*INSTRUCTIONS FOR THE TASK*:
Take the lines below between the one holding "Bộ đồ chơi tranh" and the one holding "3、紧扣考试考纲,涵盖全部会", inclusive, and copy them exactly. Add nothing.

*** TASK MATERIAL Section Begins ***

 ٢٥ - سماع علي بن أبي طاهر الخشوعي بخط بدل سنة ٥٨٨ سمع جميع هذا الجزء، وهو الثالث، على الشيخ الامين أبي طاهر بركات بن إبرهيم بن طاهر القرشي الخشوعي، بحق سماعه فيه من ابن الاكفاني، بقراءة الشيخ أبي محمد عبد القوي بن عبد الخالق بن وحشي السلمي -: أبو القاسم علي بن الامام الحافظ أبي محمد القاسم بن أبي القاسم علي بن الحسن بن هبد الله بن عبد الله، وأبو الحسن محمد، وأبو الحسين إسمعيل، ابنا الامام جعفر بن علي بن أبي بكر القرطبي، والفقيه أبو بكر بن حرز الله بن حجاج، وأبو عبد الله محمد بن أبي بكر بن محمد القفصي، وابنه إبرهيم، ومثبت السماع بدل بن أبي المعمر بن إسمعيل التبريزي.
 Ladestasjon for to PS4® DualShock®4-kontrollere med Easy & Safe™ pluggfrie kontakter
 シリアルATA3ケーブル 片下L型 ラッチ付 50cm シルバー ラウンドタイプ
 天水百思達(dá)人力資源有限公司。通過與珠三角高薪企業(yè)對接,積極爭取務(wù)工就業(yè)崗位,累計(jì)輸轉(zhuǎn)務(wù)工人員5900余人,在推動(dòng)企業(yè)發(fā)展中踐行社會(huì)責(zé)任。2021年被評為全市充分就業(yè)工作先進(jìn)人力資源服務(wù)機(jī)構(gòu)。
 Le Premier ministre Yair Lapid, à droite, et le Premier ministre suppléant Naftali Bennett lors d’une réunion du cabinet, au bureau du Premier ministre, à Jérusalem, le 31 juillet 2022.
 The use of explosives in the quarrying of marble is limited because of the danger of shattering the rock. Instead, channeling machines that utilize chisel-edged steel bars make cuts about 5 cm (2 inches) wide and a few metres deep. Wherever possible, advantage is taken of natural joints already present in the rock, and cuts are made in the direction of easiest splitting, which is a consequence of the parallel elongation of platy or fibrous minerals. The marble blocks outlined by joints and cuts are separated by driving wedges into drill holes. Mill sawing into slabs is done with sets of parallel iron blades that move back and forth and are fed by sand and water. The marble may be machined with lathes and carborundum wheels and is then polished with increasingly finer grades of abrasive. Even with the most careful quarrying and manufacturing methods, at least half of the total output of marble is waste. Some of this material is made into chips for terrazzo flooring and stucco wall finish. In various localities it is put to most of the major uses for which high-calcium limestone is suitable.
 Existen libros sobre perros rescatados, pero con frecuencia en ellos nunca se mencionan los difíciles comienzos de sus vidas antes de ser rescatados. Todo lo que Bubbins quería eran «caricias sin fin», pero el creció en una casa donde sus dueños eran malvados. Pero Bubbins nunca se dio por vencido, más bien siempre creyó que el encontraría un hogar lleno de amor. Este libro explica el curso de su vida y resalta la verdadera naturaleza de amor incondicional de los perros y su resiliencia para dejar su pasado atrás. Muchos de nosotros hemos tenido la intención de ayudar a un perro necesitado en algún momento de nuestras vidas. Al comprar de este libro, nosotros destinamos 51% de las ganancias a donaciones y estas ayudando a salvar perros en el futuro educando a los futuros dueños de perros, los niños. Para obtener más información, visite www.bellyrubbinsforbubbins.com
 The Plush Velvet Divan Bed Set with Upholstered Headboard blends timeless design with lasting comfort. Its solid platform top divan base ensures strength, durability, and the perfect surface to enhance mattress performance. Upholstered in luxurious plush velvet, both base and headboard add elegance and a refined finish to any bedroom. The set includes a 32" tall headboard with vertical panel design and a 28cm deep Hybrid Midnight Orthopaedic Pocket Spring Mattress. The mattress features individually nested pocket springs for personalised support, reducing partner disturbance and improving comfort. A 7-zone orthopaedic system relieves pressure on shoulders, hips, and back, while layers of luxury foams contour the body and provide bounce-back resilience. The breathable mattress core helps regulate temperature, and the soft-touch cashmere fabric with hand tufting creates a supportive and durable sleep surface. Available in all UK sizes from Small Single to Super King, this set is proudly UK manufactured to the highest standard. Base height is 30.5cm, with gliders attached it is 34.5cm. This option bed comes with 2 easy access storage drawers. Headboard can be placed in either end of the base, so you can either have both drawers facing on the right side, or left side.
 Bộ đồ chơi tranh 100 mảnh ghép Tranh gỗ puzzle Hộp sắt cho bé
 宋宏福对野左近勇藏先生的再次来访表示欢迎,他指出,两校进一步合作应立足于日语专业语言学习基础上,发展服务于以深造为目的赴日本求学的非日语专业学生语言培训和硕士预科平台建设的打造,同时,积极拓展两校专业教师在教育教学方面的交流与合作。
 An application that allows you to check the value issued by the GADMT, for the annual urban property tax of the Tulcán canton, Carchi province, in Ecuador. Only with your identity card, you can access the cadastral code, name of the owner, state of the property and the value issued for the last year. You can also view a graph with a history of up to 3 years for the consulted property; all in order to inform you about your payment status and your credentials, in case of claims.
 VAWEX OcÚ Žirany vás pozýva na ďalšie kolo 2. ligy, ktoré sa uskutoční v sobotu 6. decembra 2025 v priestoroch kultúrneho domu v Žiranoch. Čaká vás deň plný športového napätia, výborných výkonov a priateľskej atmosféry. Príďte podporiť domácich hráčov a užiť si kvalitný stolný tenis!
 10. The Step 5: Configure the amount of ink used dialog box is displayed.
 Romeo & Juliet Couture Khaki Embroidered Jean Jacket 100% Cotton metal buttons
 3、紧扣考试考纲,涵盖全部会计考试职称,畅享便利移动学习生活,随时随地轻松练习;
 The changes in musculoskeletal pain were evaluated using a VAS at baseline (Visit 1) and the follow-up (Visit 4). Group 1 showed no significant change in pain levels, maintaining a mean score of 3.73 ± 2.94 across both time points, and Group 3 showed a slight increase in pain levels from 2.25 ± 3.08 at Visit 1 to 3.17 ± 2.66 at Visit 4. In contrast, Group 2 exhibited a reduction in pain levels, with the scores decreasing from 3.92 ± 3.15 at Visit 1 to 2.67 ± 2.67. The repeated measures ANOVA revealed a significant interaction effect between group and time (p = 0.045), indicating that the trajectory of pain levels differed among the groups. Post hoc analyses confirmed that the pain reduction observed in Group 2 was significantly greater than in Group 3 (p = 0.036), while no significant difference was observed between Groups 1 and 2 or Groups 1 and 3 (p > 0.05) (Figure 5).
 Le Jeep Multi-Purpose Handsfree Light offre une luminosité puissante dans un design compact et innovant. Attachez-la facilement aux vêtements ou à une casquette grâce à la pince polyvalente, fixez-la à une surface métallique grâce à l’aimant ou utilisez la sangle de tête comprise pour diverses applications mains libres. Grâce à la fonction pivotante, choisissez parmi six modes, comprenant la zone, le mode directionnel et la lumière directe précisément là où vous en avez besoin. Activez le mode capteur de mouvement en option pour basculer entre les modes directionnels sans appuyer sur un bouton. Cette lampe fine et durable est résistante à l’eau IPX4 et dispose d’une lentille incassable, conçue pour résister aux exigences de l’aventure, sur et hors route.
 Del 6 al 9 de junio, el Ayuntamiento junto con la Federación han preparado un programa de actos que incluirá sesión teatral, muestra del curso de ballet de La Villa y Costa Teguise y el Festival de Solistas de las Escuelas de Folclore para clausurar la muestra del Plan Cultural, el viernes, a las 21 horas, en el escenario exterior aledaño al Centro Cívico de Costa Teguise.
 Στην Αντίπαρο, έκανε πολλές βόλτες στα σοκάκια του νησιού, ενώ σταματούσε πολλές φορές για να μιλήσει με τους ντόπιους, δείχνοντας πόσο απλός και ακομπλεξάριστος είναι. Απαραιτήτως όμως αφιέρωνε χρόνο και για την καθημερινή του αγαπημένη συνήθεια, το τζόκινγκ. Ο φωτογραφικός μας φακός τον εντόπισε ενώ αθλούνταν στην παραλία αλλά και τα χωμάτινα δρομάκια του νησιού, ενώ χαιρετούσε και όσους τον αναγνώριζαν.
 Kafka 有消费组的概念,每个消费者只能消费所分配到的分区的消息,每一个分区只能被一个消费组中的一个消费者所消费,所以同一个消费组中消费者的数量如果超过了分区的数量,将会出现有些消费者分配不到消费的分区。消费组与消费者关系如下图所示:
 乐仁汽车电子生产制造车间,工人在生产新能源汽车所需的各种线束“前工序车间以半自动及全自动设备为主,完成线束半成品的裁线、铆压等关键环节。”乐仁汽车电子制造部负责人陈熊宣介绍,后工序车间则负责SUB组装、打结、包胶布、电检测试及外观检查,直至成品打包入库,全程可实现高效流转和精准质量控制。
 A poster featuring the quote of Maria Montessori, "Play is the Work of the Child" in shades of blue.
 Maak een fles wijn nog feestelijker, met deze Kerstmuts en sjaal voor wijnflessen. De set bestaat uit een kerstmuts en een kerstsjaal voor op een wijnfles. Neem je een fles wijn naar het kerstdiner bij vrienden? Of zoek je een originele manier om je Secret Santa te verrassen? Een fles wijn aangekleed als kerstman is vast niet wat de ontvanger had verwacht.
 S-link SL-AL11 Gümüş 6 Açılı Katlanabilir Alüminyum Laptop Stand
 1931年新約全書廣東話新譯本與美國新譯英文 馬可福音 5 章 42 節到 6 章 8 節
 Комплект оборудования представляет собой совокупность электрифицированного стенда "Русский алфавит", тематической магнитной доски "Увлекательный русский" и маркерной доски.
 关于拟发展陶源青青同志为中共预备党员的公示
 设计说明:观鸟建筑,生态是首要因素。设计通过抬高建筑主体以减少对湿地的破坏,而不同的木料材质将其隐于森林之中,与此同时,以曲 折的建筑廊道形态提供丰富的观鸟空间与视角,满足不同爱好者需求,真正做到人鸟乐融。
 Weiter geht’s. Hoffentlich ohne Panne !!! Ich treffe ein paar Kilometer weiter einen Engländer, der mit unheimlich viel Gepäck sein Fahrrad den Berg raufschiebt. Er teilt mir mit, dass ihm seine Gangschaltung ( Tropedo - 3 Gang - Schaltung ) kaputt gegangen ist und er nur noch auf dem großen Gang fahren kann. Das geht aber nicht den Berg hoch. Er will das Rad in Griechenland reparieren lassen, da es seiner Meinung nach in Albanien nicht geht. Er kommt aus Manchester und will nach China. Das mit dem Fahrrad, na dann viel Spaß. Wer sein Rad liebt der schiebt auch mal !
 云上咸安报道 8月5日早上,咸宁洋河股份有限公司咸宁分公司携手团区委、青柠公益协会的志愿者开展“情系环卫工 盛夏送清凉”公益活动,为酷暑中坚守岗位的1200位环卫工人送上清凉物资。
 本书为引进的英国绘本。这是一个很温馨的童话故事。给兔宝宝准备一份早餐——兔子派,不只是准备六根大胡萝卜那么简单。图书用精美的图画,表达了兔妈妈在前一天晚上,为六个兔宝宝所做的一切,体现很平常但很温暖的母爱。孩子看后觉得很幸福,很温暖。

*** TASK MATERIAL Section Ends ***

*RESULT*:
 Bộ đồ chơi tranh 100 mảnh ghép Tranh gỗ puzzle Hộp sắt cho bé
 宋宏福对野左近勇藏先生的再次来访表示欢迎,他指出,两校进一步合作应立足于日语专业语言学习基础上,发展服务于以深造为目的赴日本求学的非日语专业学生语言培训和硕士预科平台建设的打造,同时,积极拓展两校专业教师在教育教学方面的交流与合作。
 An application that allows you to check the value issued by the GADMT, for the annual urban property tax of the Tulcán canton, Carchi province, in Ecuador. Only with your identity card, you can access the cadastral code, name of the owner, state of the property and the value issued for the last year. You can also view a graph with a history of up to 3 years for the consulted property; all in order to inform you about your payment status and your credentials, in case of claims.
 VAWEX OcÚ Žirany vás pozýva na ďalšie kolo 2. ligy, ktoré sa uskutoční v sobotu 6. decembra 2025 v priestoroch kultúrneho domu v Žiranoch. Čaká vás deň plný športového napätia, výborných výkonov a priateľskej atmosféry. Príďte podporiť domácich hráčov a užiť si kvalitný stolný tenis!
 10. The Step 5: Configure the amount of ink used dialog box is displayed.
 Romeo & Juliet Couture Khaki Embroidered Jean Jacket 100% Cotton metal buttons
 3、紧扣考试考纲,涵盖全部会计考试职称,畅享便利移动学习生活,随时随地轻松练习;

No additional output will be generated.